Primero se editaron en VHS en una chorrera de VHS que conformaban la Expert coin magic made easy collection (eran mas de 10).

Ahora se encuentran en DVD separadas

----------


## cuenk

> cuenk, en ese dvd no viene ninguna rutina con monedas


es verdad, pregunta por rutinas...   :Oops:  lo siento

----------


## luis p11

me refiero alos dvd de bertini ,sankei,kurtis kam......etc. como se titulan estos dvd?,es facil de conseguir?.............etc

----------


## luis p11

no lo domino,pero para preguntar por estos dvd hace falta dominarlos?.solo quiero informacion para seleccionar lo que mas me interesa.

----------


## Bladimir Rojas

Revolutionary coin Technique
Silverado
Revolutionary coin magic, the modem classic 1 y 2
el de sanada no recuerdo el nombre...
pero parte por Roth

----------


## Ayy

y los de David Stone no os parecen recomendables?

----------


## Bladimir Rojas

Si...sobre todo para mejorar...
...pero parte por Roth

----------


## ilusionao

Para empezar con los de Roth cuál es más aconsejable: Expert coin magic made easy o los de Ultimate coin magic collection? O cuál es la diferencia entre ellos?

----------


## Moss

Con los "Easy" tienes para dar y tomar, son los más básicos. La diferencia estriba en la dificultad técnica.

----------


## jackosky

Sick de Ponta / Smith....pero las técnicas son complicadas....viene con las monedas y unas Ca*******... he visto solo la propaganda, pero promete mil, si logras esas rutinas seras un mini master....

----------


## Ravenous

> Sick de Ponta / Smith....pero las técnicas son complicadas....viene con las monedas y unas Ca*******... he visto solo la propaganda, pero promete mil, si logras esas rutinas seras un mini master....


Eeeeeeeeh... No.

----------


## jackosky

Ravenous...eeeeeeeeeeeehhh   NO'?...  ¿por que no?... dije que era complicado,  no le voy a recomendar el de Ben Salinas o si :Confused: ....también puede ser el de Fucking coins.... pero abusa del enman********.... eeeeee si?

----------


## jackosky

o por lo de mini master :Confused: ....

----------


## Ravenous

por lo de mini master

----------


## kuisi

Yo recomendaría los de Roth, David Stone o el "Metal: Getting Started" de Jones, es moderno y muy bien explicado.

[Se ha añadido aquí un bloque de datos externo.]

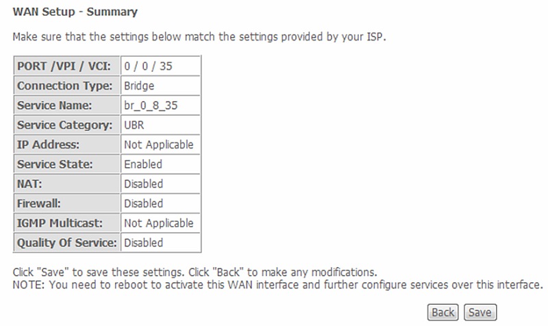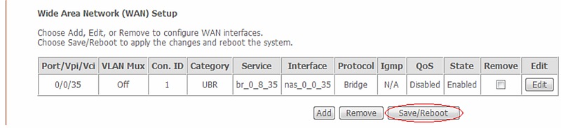 6. После нажатия кнопки «Save» перейдите на страницу «Advanced Setup» > «WAN», где увидите созданное Bridge соединение. Нажмите кнопку «Save/Reboot» для применения параметров и перезагрузки устройства.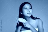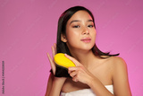 Young woman brushes her hair against a vibrant pink background during a beauty routine at home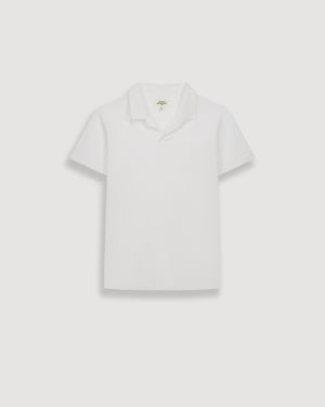 Boy's short-sleeved polo shirt with buttonless collar and chest pocket.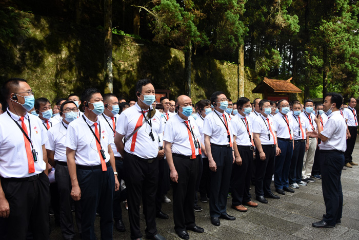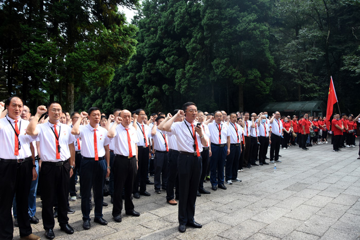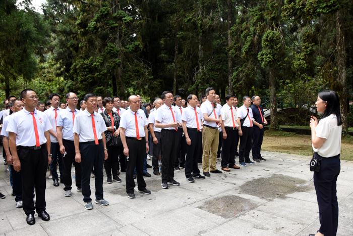 在井冈山革命烈士陵园,全体学员整齐列队,神情肃穆,缓步拾级而上,向长眠在这里的四万八千多名革命烈士敬献花圈,校党委书记汪枫同志整理花圈挽联,并集体默哀三分钟,表达发自内心的崇高敬意。随后,在汪枫同志的带领下,全体党员面向党旗重温入党誓词,铮铮誓词回荡在洒满无数先烈鲜血的井冈群山中。
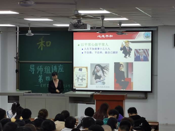 在讲座过程中,赵经理以四级考试来举例子,这次四级没过,就努力争取下次过,然后提出保持身心健康,就需要我们在做任何事情的时候要做最坏的打算。其次还讲到低调做人,高调做事,心态放平和,自我定位清晰,我们是普通人,所以要以平常心做平常事,对自己不满意,大多是没达到自己的目标,应给自己树立合理的预期。赵经理展示了几张图片,并表示当今大部分年轻人还是以颜值当道,但给同学们强调了提升颜值要谨慎,以最早的网红芙蓉为例子,用七、八年的时间慢慢平和,改造自己,气质有了跃迁。之后通过集体互动的形式,进行了一个心理测评,同学们都很积极配合。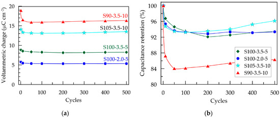 The change in capacitance and capacitance retention over 500 CV cycles is presented in Figure 6. As mentioned earlier, the S90-3.5-10 sample exhibits the most significant decrease in QCV after the first cycle. This could be attributed to more pronounced structural changes occurring during the initial electrochemical loading of the layer. These changes are likely associated with the penetration and saturation of the polymer layer with ions from the electrolyte [28]. It can be expected that this effect becomes more pronounced with an increase in the thickness of the layers, where the contraction/expansion of the polymer caused by the release/incorporation of ions from the electrolyte occurring under cyclic electrical loading is more significant [32]. As a result of the changes in the composite layer, the capacitance of the thickest layer, S90-3.5-10, decreases by 16% after the first 50 cycles. However, no further reduction is observed in the subsequent cycles; on the contrary, the capacitance shows a tendency toward weak recovery. The other three samples with smaller thicknesses demonstrate excellent electrochemical stability, with a reduction in QCV below 6% (Figure 6b).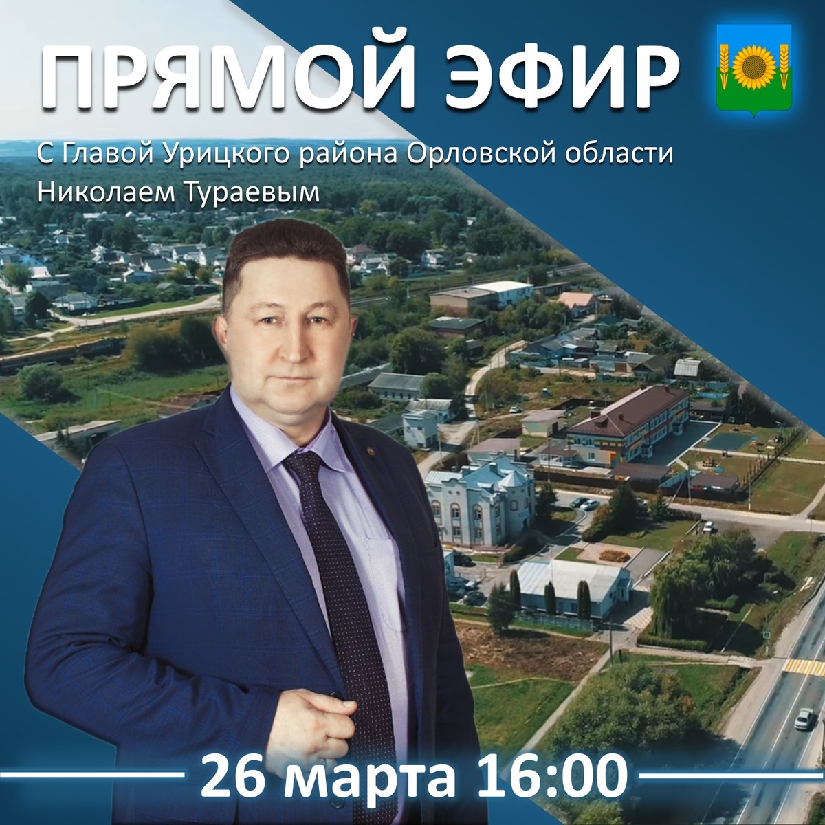 ! ➡️26 марта в 16:00 глава района Николай Тураев проведёт прямой эфир, в ходе которого ответит на ваши вопросы. 📍Эфир будет проходить на его личной странице ВКонтакте. 💬Задавать вопросы можно уже сейчас в комментариях под этим постом. Не упустите возможность получить ответы лично от главы района! ✅Ждём вас на прямом эфире! #УрицкийРайон #АдминистрацияУрицкогорайонаОрловскойобласти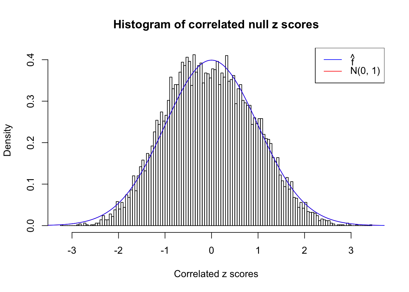 As an example, here is a data set of \(10K\) null \(z\) scores distorted by correlation. We apply ASH to this data set. Since the empirical distribution of these \(z\) scores are highly non-normal due to correlation, presumably ASH with normal prior components and normal likelihood wouldn’t fit this data set well.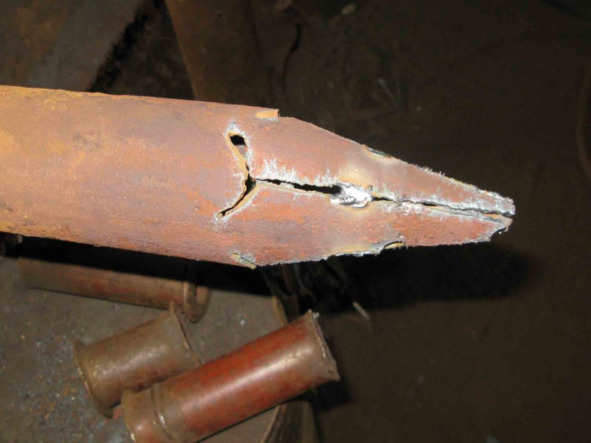 – Конец, обрезанный поперек трубы, к которому приваривается заостренный литой наконечник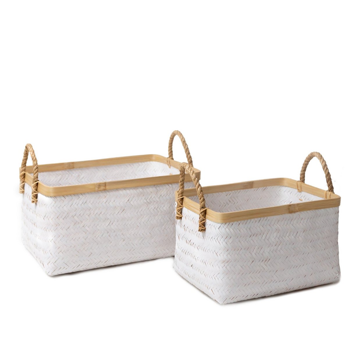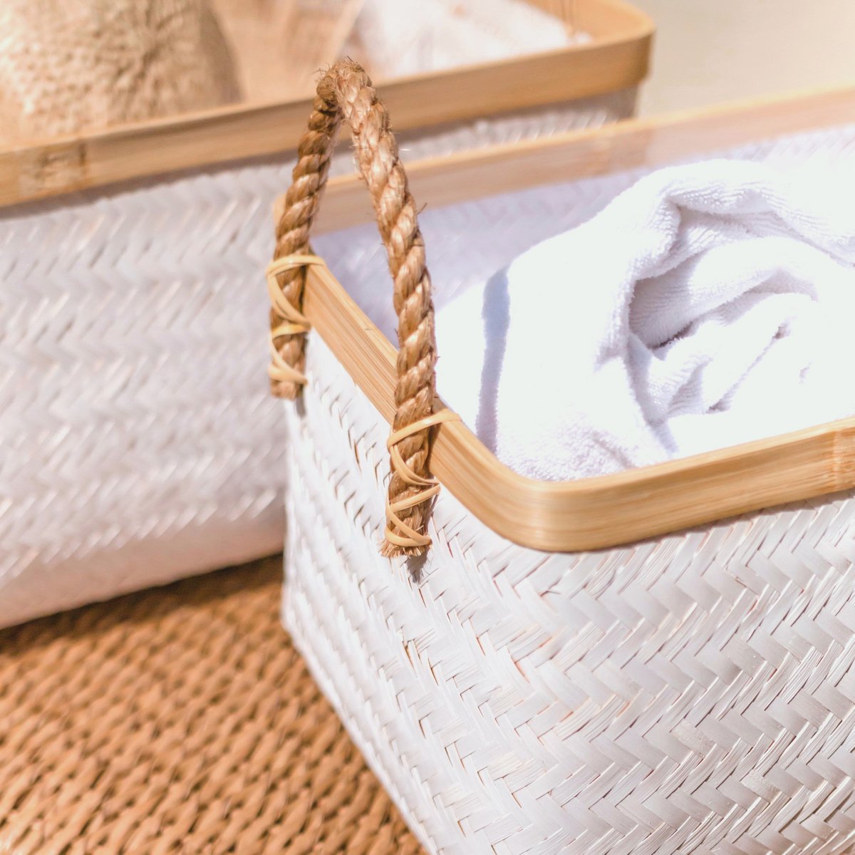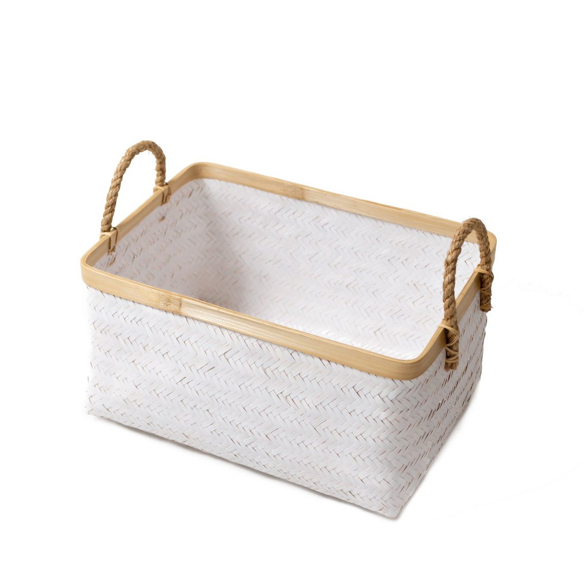 De mand Vaya is verkrijgbaar in twee maten en is met de hand gemaakt van witgekleurd bamboe en maakt indruk door zijn ondoorzichtige geweven look. Het natuurlijke materiaal creëert ondanks het lichte gewicht een stabiele structuur, waardoor het veelzijdig en geschikt is voor zwaardere belastingen.
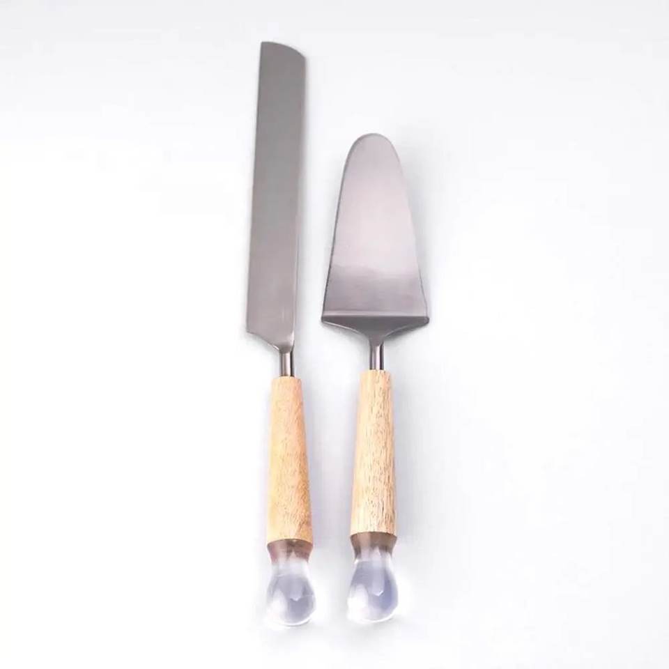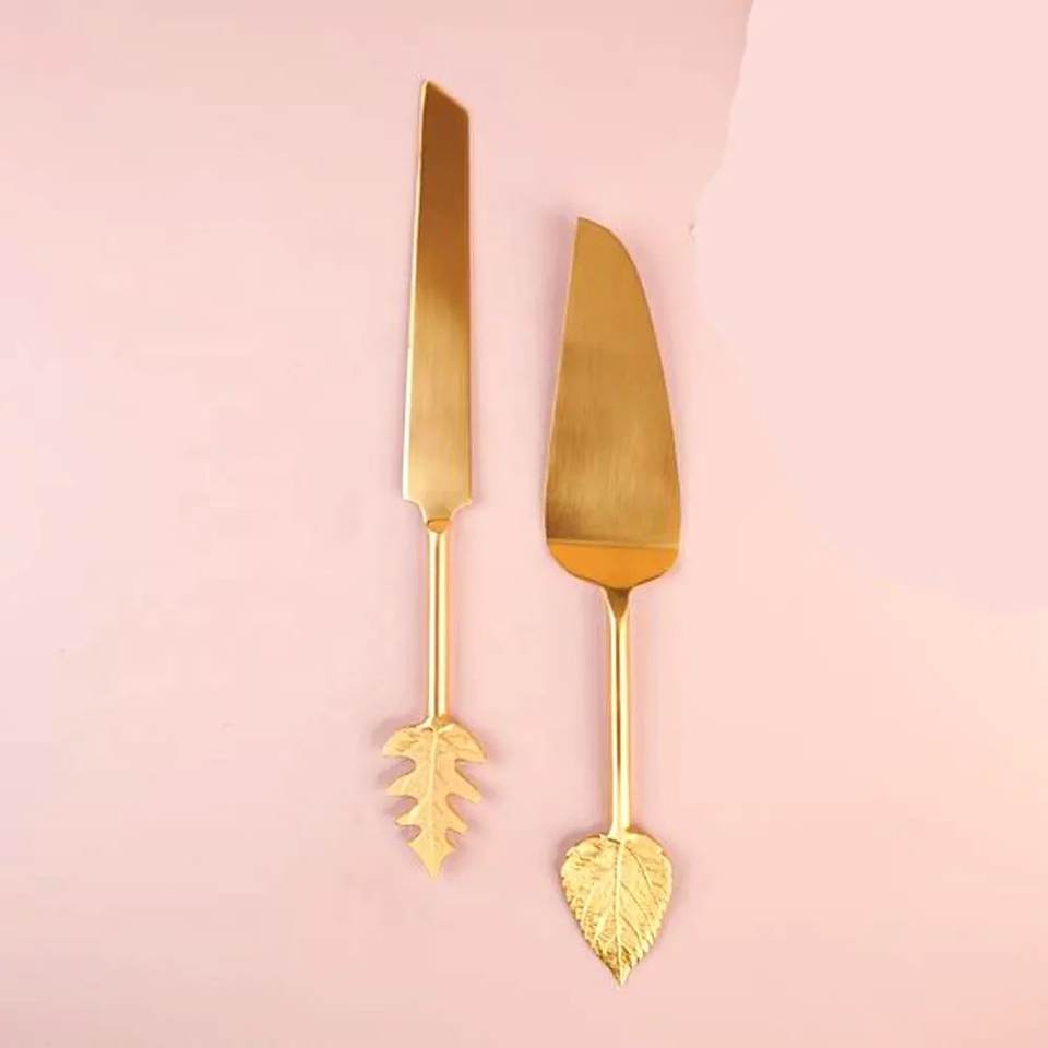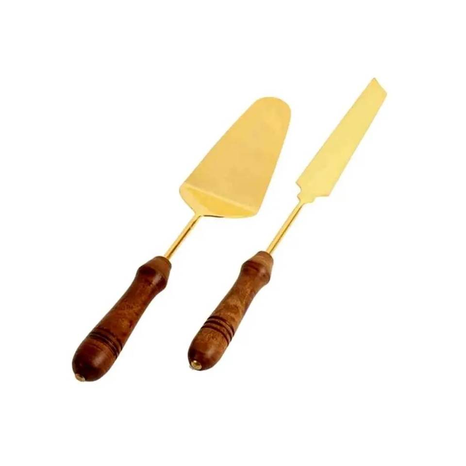 Customization Stainless Steel Cake Serving Set With Brass Handle Wedding Decorative Cake Knife & Cake Server Set Hot Selling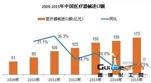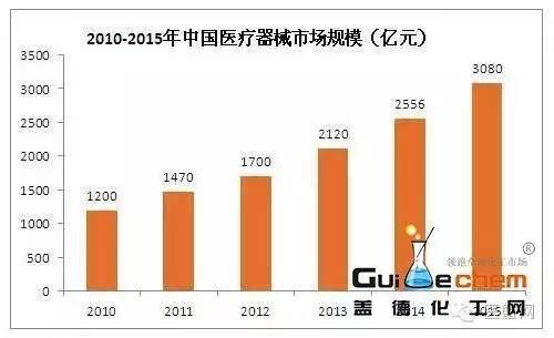 2015年,我國醫(yī)療器械市場規(guī)模約為3080億元,比上一年增長了524億元,年均增長率約為20%左右。隨著我國人口老齡化的加劇以及扶持政策 力度加大,醫(yī)療器械市場規(guī)模正不斷擴張。其中,作為骨科和心血管所需的介入器材、植入器材和人工器官等高附加值消耗醫(yī)療材料,將迎來快速增長機遇。機構預 計,到2018年,我國骨科植入耗材和心血管支架耗材市場規(guī)模將分別達到212億元和388億元。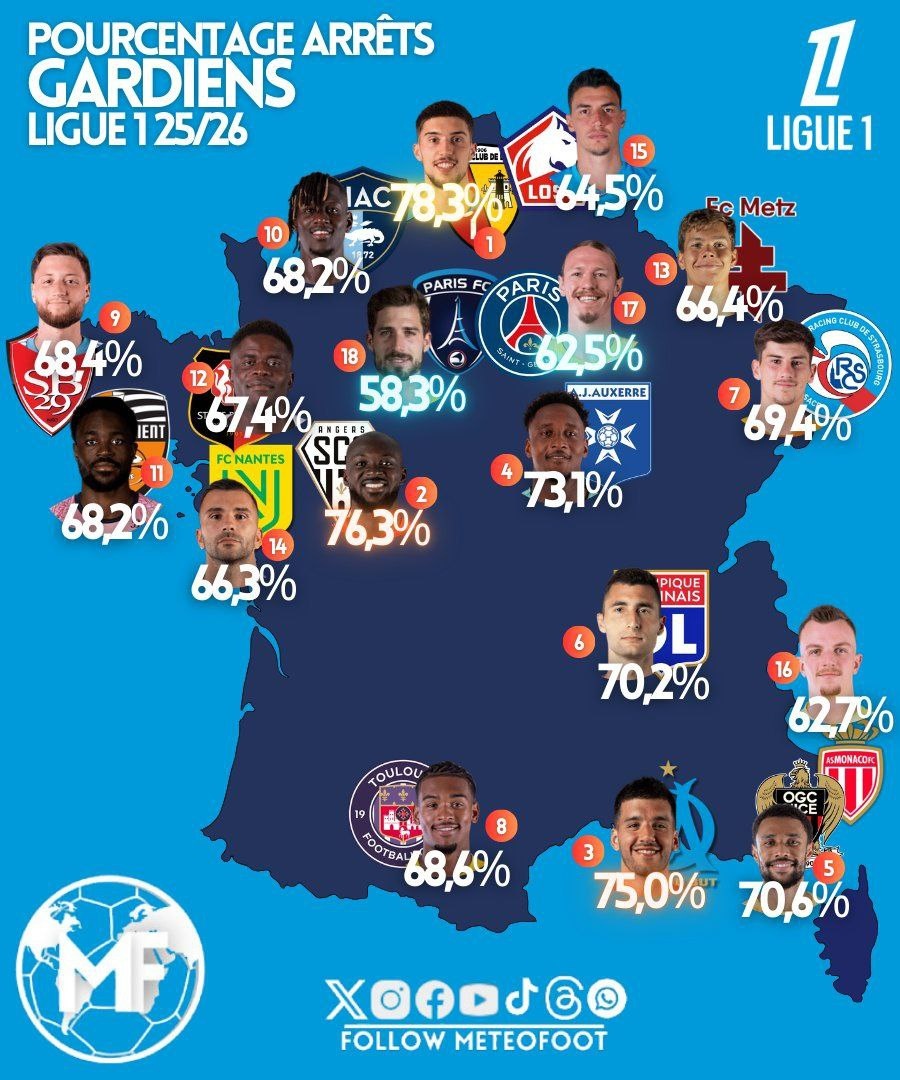 Процент отражённых ударов вратарей команд Лиги1!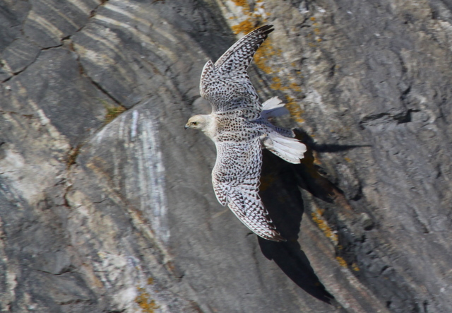 Beskrivelse: Jagtfalk jager mågeunger i mågekoloni i Godthåbsfjorden ca. 90 km NØ for Nuuk.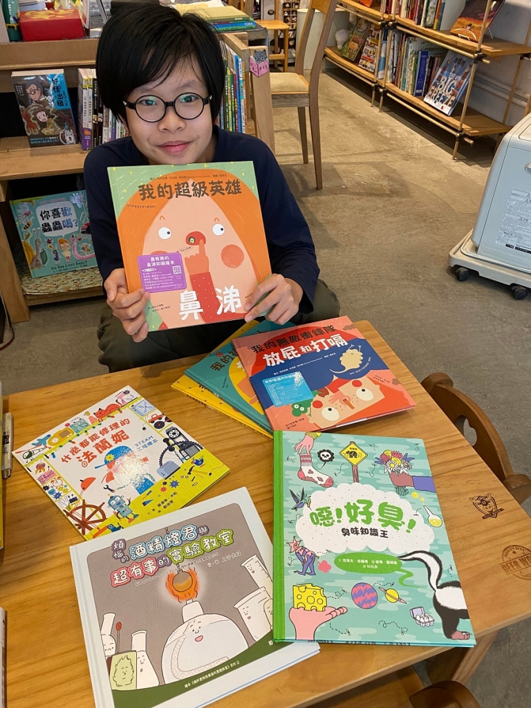 在我家的書店裡有一個很特別的書櫃,很多人第一次逛到這個書櫃,都會先露出疑惑的表情,看到書櫃上寫:「闆寶的選書」才會恍然大悟,因為這個書區和其他書架的選書很不一樣,我常會選很多媽媽比較不會接觸的繪本和圖文書,特別是和自然科學有關的主題,而且要能逗我笑和激發我好奇的書,媽媽常說我的選書也開啟了她閱讀新的方向,沒想到自然科學主題有這麼多有趣的書,這次我就來分享幾本我特別喜歡的科學繪本和圖文書吧!
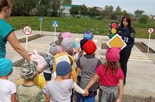 Безопасность детей на дорогах – это актуальная тема в любой период времени года. Ежегодно на наших дорогах совершаются десятки тысяч дорожно-транспортных происшествий с участием детей. Дети в силу своих возрастных особенностей не всегда способны правильно оценить дорожную ситуацию и распознать опасность. Задача педагогов и родителей – воспитать из сегодняшних дошкольников грамотных и дисциплинированных участников дорожного движения. Обучение детей правильному поведению на дорогах необходимо начинать с раннего возраста. Перед ребятами выступил инспектор ОГИБДД ОМВД России по Буинскому району, Черняев Евгений Анатольевич, на тему «Правила безопасного поведения на улице и дороге» по предупреждению детского дорожно-транспортного травматизма в летне-осенний период… В конце беседы он подарил светоотражатели на одежду.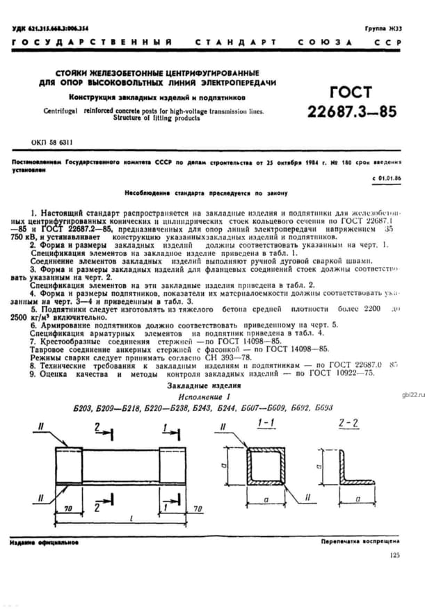 | Название стандарта | Стойки железобетонные центрифугированные для опор высоковольтных линий электропередачи. Конструкция закладных изделий и подпятников. |
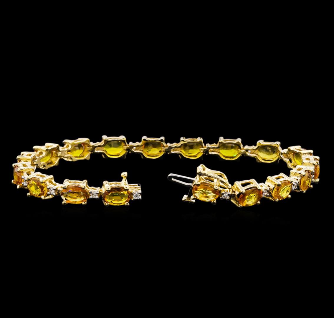 One electronically tested 14KT yellow gold lady's combination cast & assembled fashion straight line bracelet with a tongue clasp with foldover safety with a bright polish finish. The featured lady's bracelet has a length measuring 7.25 inches. Identified with markings of "14K". Condition is new, good workmanship. Containing: Eighteen prong set oval modified brilliant cut natural yellow sapphires, measuring 7.05 x 5.05 x 2.80mm, (depth est.) approximate total weight of 15.57ct., clarity is slightly included, medium light, moderately strong, orangy yellow color, (GIA oY 4/4), cut is good. Transmitting light with a minimum of distortion, transparent. Colored gemstones are presumed to have been subjected to commonly used enhancement processes. Graded in the setting. Eighteen prong set round brilliant cut diamonds, measuring 1.90 - 1.80 x 1.15mm (depth est.) approximate total weight of 18 Stones = 0.45ct. Graded in the setting. Clarity: SI-1 to SI-2. Color: G - H. Cut Good. Total Weight of Colored Stones 15.57ct. Total Weight of Diamonds 0.45ct. Total Weight of Straight Line Bracelet 17.90gm. GAS Appraised.

El "Sick" es tremendamente dificil, sobre todo si estas empezando.

Slds

----------


## julioso

Para aprender técnicas no las aprendería nunca de un dvd, pues no las adaptas a ti, sino que te adaptas tu a ellas... y eso muy bueno no es.

Dvd con rutinas para ejecutar... tienes los Esence de Gea, ahi tienes rutinas de monedas para dar y tomar, aconsejo no influenciarse demasiado por Gea, porque inconscientemente copias sus movimientos y no es bueno ser otro mago. Tambien está con denominación de Rubiales, dvd muy chulo con 10 rutinas muy buenas

----------


## julioso

Para aprender técnicas no las aprendería nunca de un dvd, pues no las adaptas a ti, sino que te adaptas tu a ellas... y eso muy bueno no es.

Dvd con rutinas para ejecutar... tienes los Esence de Gea, ahi tienes rutinas de monedas para dar y tomar, aconsejo no influenciarse demasiado por Gea, porque inconscientemente copias sus movimientos y no es bueno ser otro mago. Tambien está con denominación de Rubiales, dvd muy chulo con 10 rutinas muy buenas

----------


## antonio29

Yo solo tengo metal de eric jones (muy recomendado, pero en ingles) y sick de ponta the smith (es mas avanzado, no se para a explicar, da por supuesto que lo sabes. Y lo peor es que no tiene apenas audio). Aun asi, si quieres aprender tecnicas, usa siempre un buen libro. Los dvd suelen ser para rutinas. Sé que llego tarde, pero espero ser util

----------